== RECORDS TO PROCESS ==
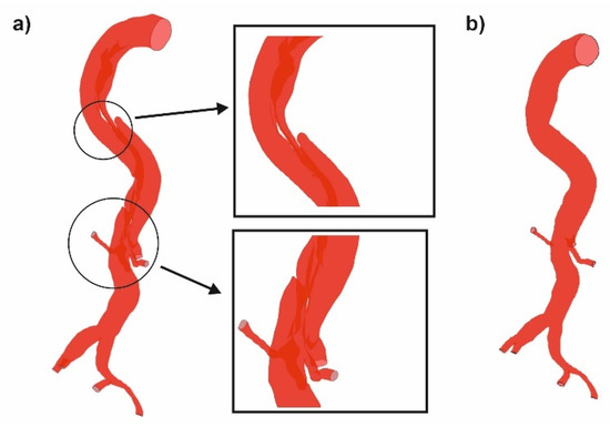 To investigate how the dissection of an aorta’s wall influences the blood hemodynamic, Angio CT data from 12 patients was applied and considered in two cases, before and after surgical intervention, with (Figure 2a) and without (Figure 2b) the aorta’s wall dissection, respectively. Each time DICOM data was applied to extract a model of the aorta to generate the surface object, stored in the stereolithography (STL) format. To achieve the highest contrast between analyzed objects (aorta and surrounding tissues), AngioCT data was manually adjusted for brightness. Moreover, to extract the aorta from the background, the region growing technique was applied. ImageJ software and its tool for morphological hole-filling was used for gap elimination. The implemented segmentation region growing technique provided accurate results, since the aorta gray levels differed significantly from the image background. When compared to manual segmentation performed by the radiologist, the estimated aortas did not differ more than by 5%. For each reconstructed 3D model of the aorta after the segmentation process, a rendering was performed. Moreover, a quantitative analysis of AngioCT data following [21] was used. Brightness to noise (BI), a quotient of analyzed object brightness value and a parameter that defines noise intensity, was calculated. Secondly, contrast to noise ratio (CNR) as a quotient of subtraction of the analyzed object and background brightness to noise intensity was computed [22]. CNR was calculated by placing the region of interest (ROI) in the center of the area represented by the analyzed aorta (reaching 94 ± 3.2 mm2), which corresponds to the image fragment with maximum brightness. This operation was performed for all slices of each patient. The mean of these values was used for further calculations. Image noise was parametrized as a ratio of ROI and standard deviation measured in pixels and calculated for 100 mm2, drawn in two different regions located in the image background (regions without the signal) left and right sides. The brightness to noise was equal to 27.85 ± 1.4, while average contrast to noise ratios was equal to 3.65 ± 0.7.
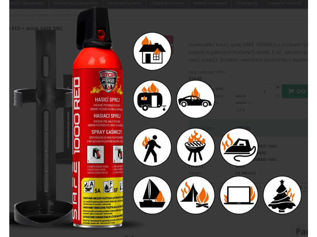Díky vyššímu obsahu aktivních látek se tento sprej řadí mezi nejúčinnější a nejuniverzálnější hasicí prostředky na trhu.
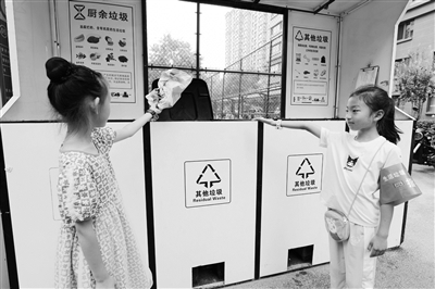 日前,丰台区南苑街道开展暑期垃圾分类小志愿者“守桶”行动。社区小朋友戴上绿袖标,在小区垃圾桶站前引导前来投放垃圾的居民正确分类,通过有效的督促引导,让更多居民行动起来,养成垃圾分类的好习惯,不断激发居民参与垃圾分类的积极性和自觉性。本报记者 曹立栋 通讯员 史莉 摄影报道
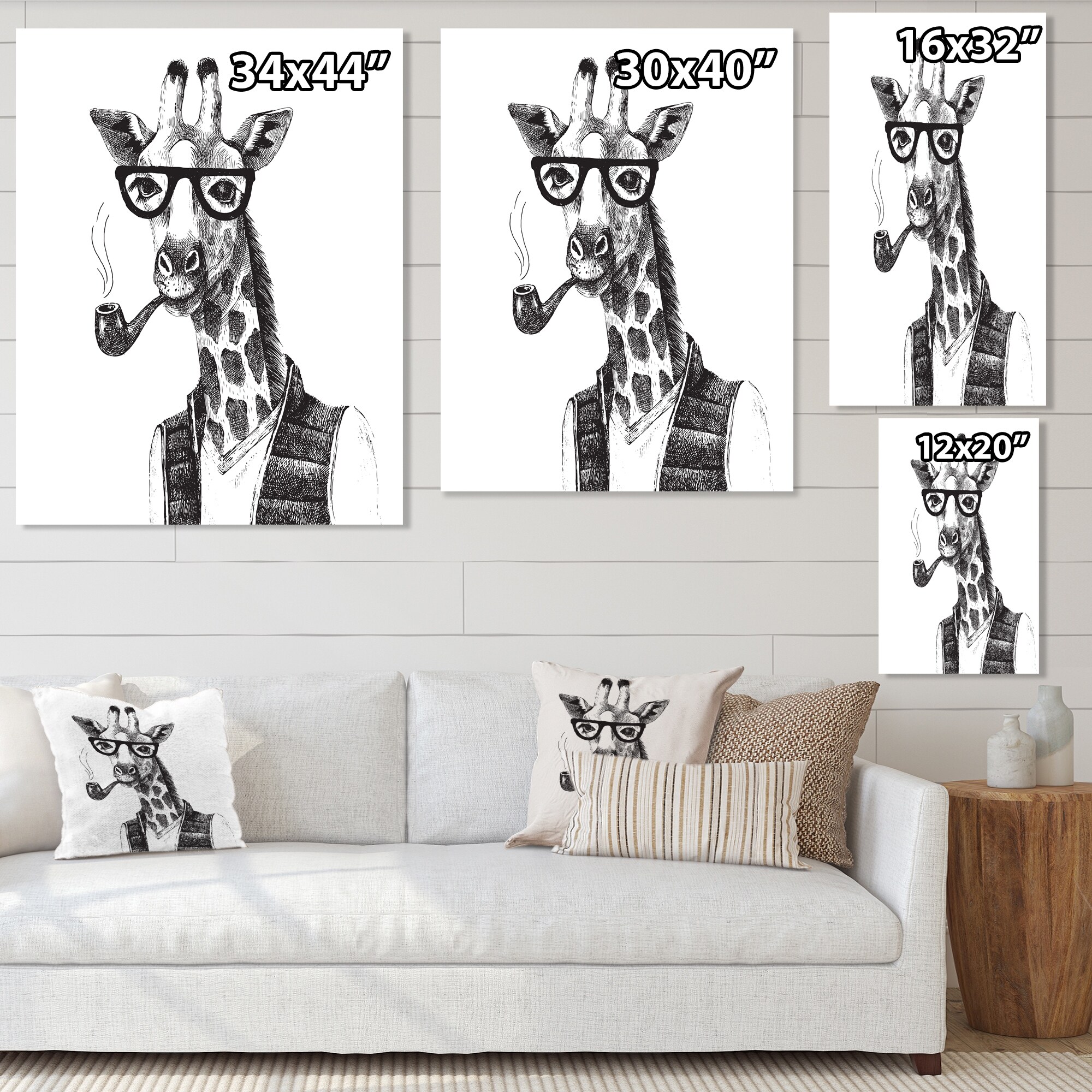 Designart "Portrait Of Giraffe Hipster" Traditional Canvas Wall Art Print
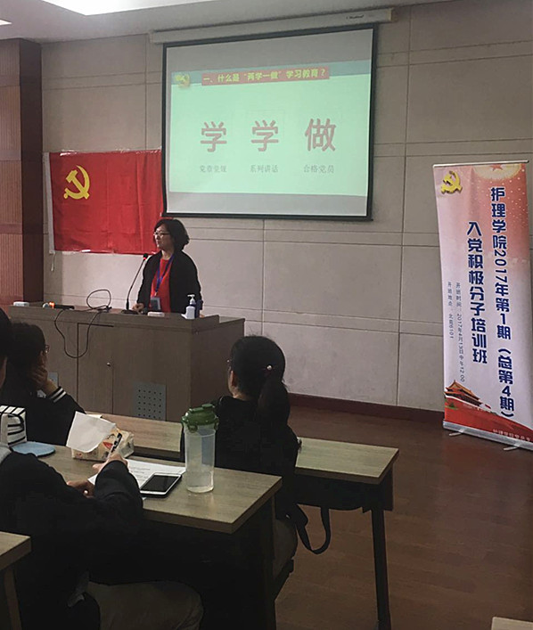4月20日下午,护理学院学生党支部书记方秀琴老师在北苑9号楼的104教室由为学院教师党员代表和入党积极分子培训班学员带来“践行两学一做,带头营造健康网络氛围”的主题讲座。

== AIM OF THE EXERCISE ==
Begin at the line containing "Díky vyššímu obsahu" and stop at the last line of the data. Repeat only those lines, exactly, and leave out the pictures.

== ANSWER TO THE PROBLEM ==
Díky vyššímu obsahu aktivních látek se tento sprej řadí mezi nejúčinnější a nejuniverzálnější hasicí prostředky na trhu.
 日前,丰台区南苑街道开展暑期垃圾分类小志愿者“守桶”行动。社区小朋友戴上绿袖标,在小区垃圾桶站前引导前来投放垃圾的居民正确分类,通过有效的督促引导,让更多居民行动起来,养成垃圾分类的好习惯,不断激发居民参与垃圾分类的积极性和自觉性。本报记者 曹立栋 通讯员 史莉 摄影报道
 Designart "Portrait Of Giraffe Hipster" Traditional Canvas Wall Art Print
4月20日下午,护理学院学生党支部书记方秀琴老师在北苑9号楼的104教室由为学院教师党员代表和入党积极分子培训班学员带来“践行两学一做,带头营造健康网络氛围”的主题讲座。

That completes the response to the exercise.